Member Reviews
Very much in the same slightly unsettling/quirky/offbeat style as, say, Sayaka Murata, this short novel will grip you to the point that you just have to read on to find out what is going on. The fact that it also won the prestigious Akutagawa Prize in 2019 means that this first available English translation is noteworthy.

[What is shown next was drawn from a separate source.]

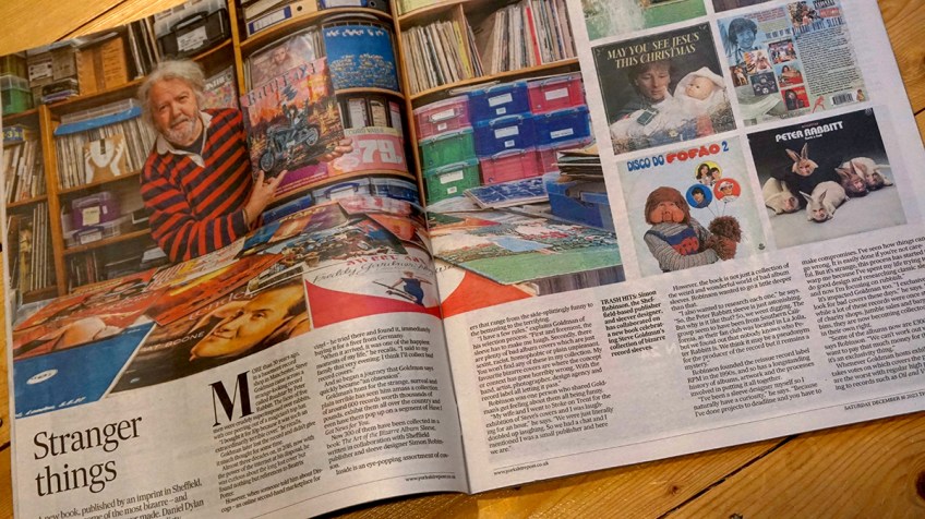 YP spread 4648 Published December 18, 2023 at 1200 × 674 in YP spread 4648 Art of The Bizarre Vinyl sleeve, two page article, Yorkshire Post, easy on the eye books, simon robinson
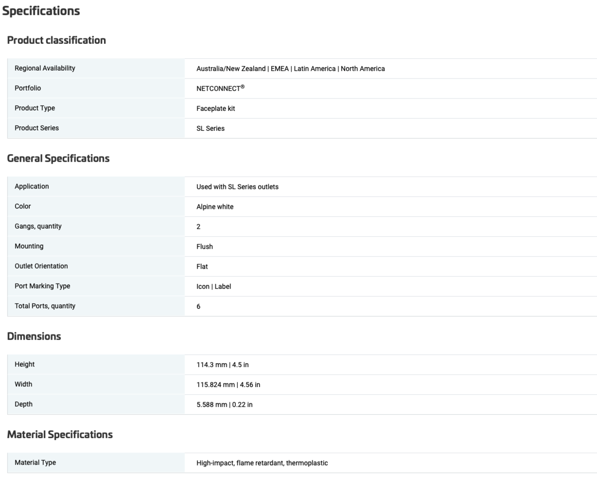 Wide range of port configurations, including single gang in 1-, 2-, 3-, 4- and 6-port and double gang in 6-, 8- and 12-port

The Woman in the Purple Skirt is being watched, and the book is written from the point of view of her 'stalker', The Woman in the Yellow Cardigan. We see how the central character, Mayuko Hiro, is unknowingly helped by her watcher, who leaves out job adverts for her on her favourite bench. She ends up getting a job with the same company, and her watcher gets the same bus as her every day, but Mayuko is completely unaware of her and what is going on. As the book develops, crucial social boundaries are crossed and a darker truth emerges about Mayuko and her relationship with a man. We also start to learn more about the narrator, which slowly adds a different perspective on the events of the novel.
This is an intriguing book, one which will test the reader's sympathies and is not afraid to pull the rug from under you. Like much Japanese fiction it is understated and subtle, and it left me with a slightly uneasy feeling by the end that I hadn't quite grasped all the nuances. Definitely one that I will be going back to re-read. 4.5 stars.
(With thanks to the publisher and NetGalley for an ARC of this title.)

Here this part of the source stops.